Maceo Brown
- Born: September 1, 1995 (age 30)
- Height: 1.85 m (6 ft 1 in)
- Weight: 86 kg (190 lb)

Rugby union career
- Position(s): Center (7s), Forward (7s)

National sevens team
- Years: Team / Comps
- 2018–present: USA 7s
- Medal record
Men's rugby sevens
Representing the United States
Pan American Games
| Bronze medal – third place | 2019 Lima | Team competition |

= Maceo Brown =

USA 7s Olympic rugby player

Maceo Brown (born September 1, 1995) is an American rugby union player. He plays for the United States national rugby sevens team as a center and as a forward.

Brown debuted for the U.S. national team at the 2018 Dubai Sevens. He played regularly as a substitute for the U.S. throughout the 2018–19 season – including at the 2019 USA Sevens tournament, which the U.S. won – in the absence of squad regular Maka Unufe, who was out for the season.
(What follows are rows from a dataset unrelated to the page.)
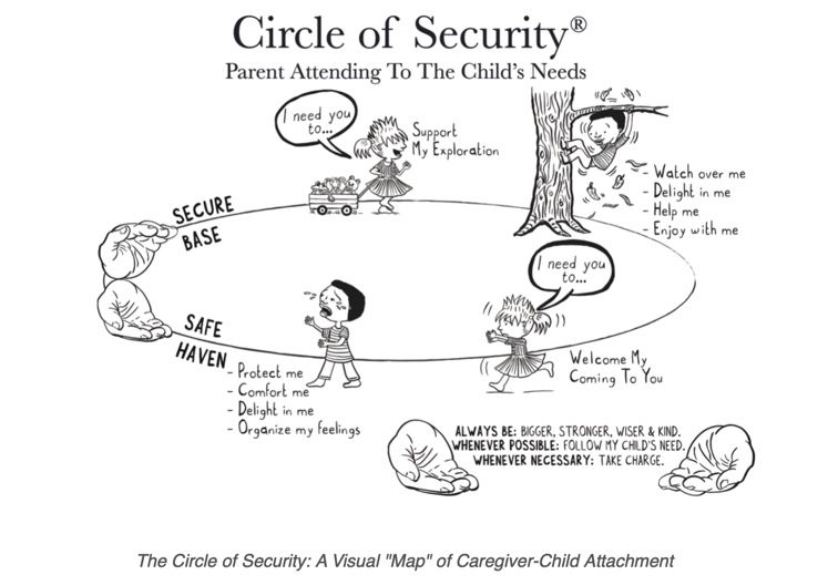 The Circle of Security presents the idea of offering a safe base for children to go off and explore, knowing and feeling secure that they have a safe haven to return to if they are feeling unsure or once they have made a new discovery.
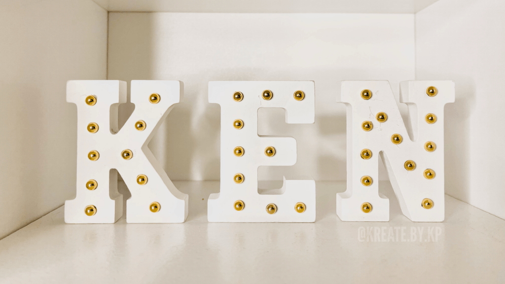 The second shelf features some white wooden letters that I hot glued some gold gems on to create a marquee-style detail.
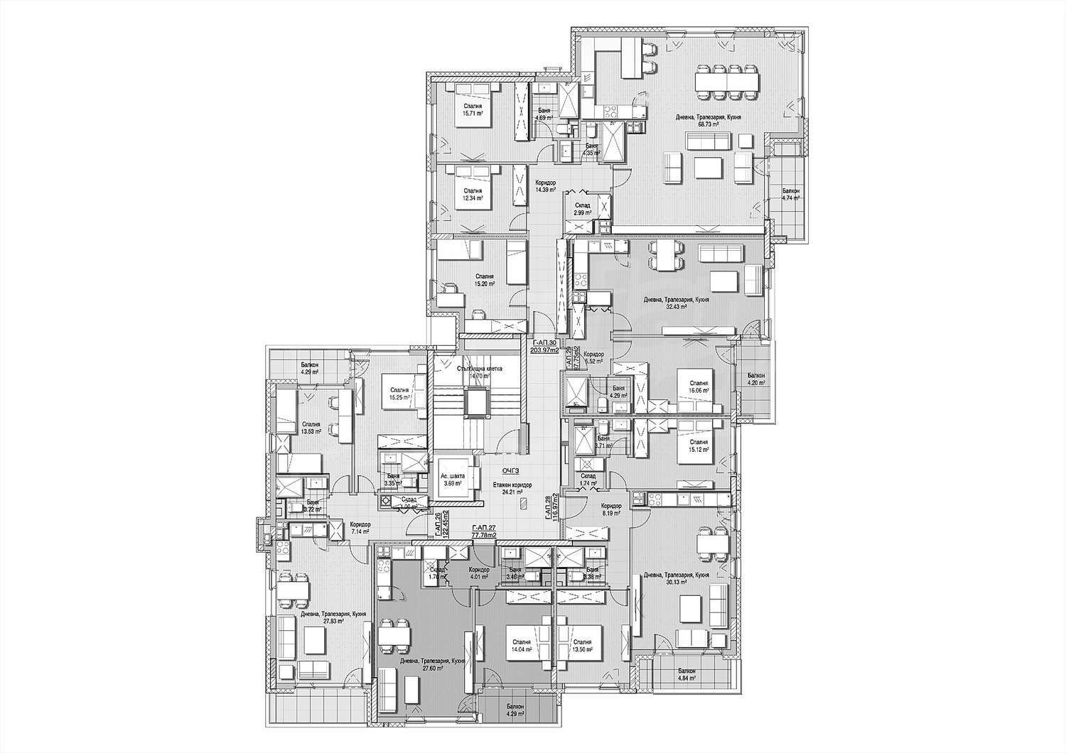 Квартиры - 159 квартир, распределенных по пяти подъездам. Квартиры отличаются функциональными и светлыми пространствами с индивидуальным характером для полноценной жизни в оживленном городе.
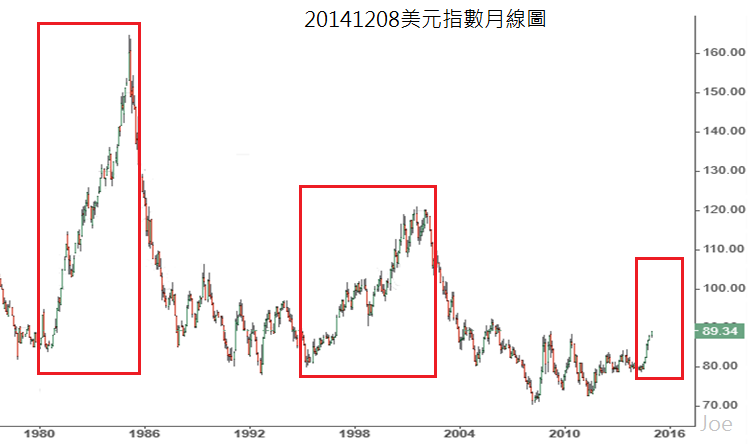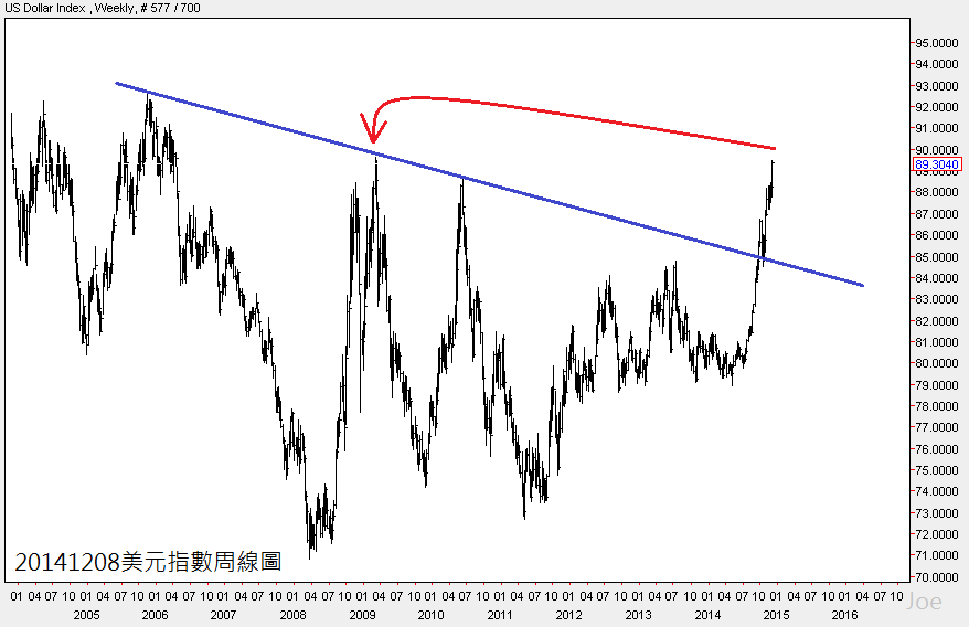 美元指數的價位已經來到近五年來的相對高點,突破藍線以後,後續暫時沒有壓力了,超過2009年初只是時間問題, 我認為美元指數很有機會再向上攀升,直到近十多年來的相對高點,投資人持有美元應該更有耐心。
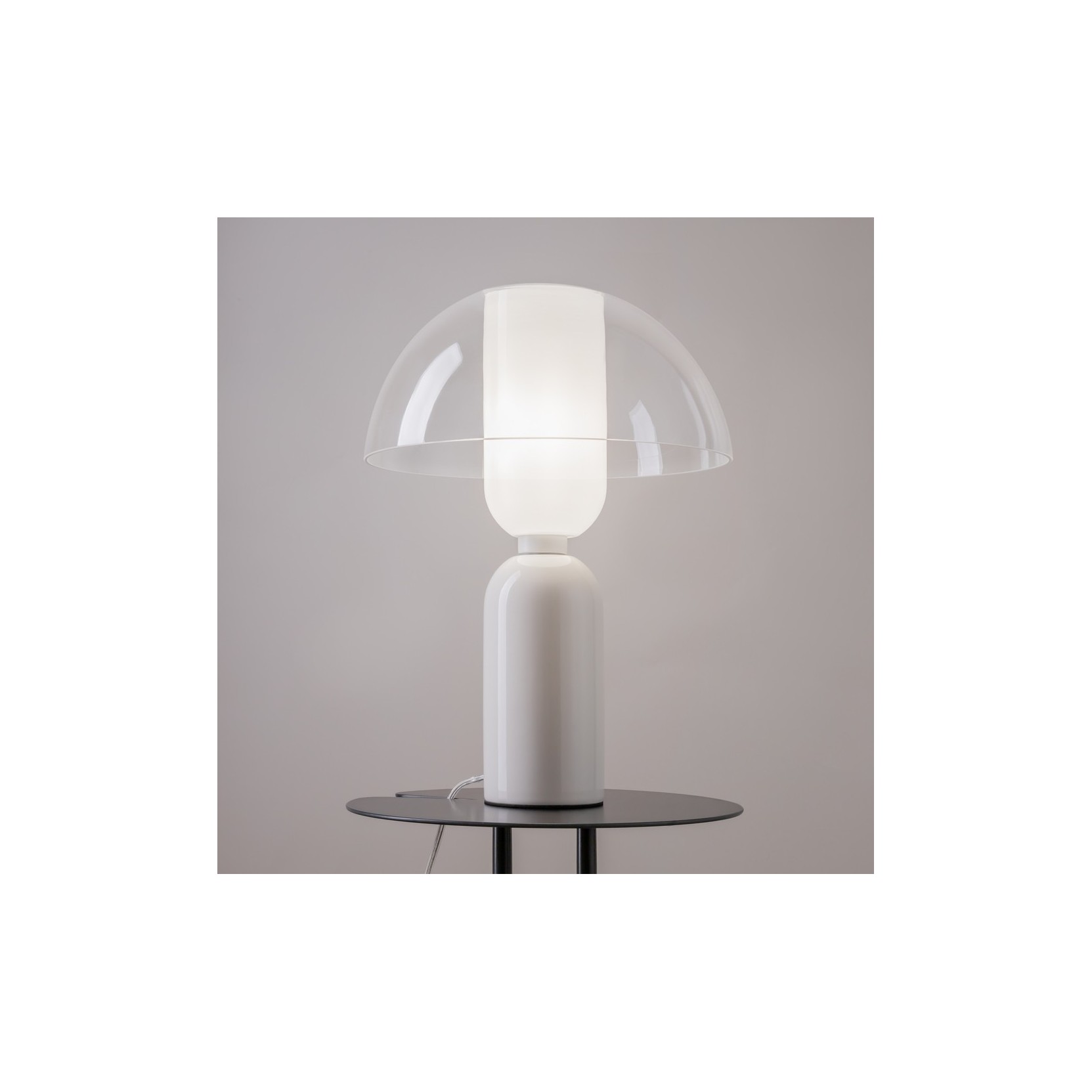 La lampe Memory se distingue par sa silhouette iconique basée sur un jeu de symétries et de volumes opposés. La structure se compose d'une base cylindrique solide en métal noir mat (ou céramique technique), de laquelle s'élève une tige fine soutenant deux diffuseurs hémisphériques en verre opalin blanc. Disposées de manière spéculaire, les deux calottes créent une forme de sablier stylisée qui diffuse la lumière harmonieusement vers le haut comme vers le bas.

In his youth, Brown was a multi-sport athlete at Corona del Sol High School. He played American football and basketball, and started playing rugby at the age of 16. Brown attended college at Grand Canyon University where he played for the school's rugby team.

Brown was selected for the USA Eagles sevens squad for the 2022 Rugby World Cup Sevens in Cape Town.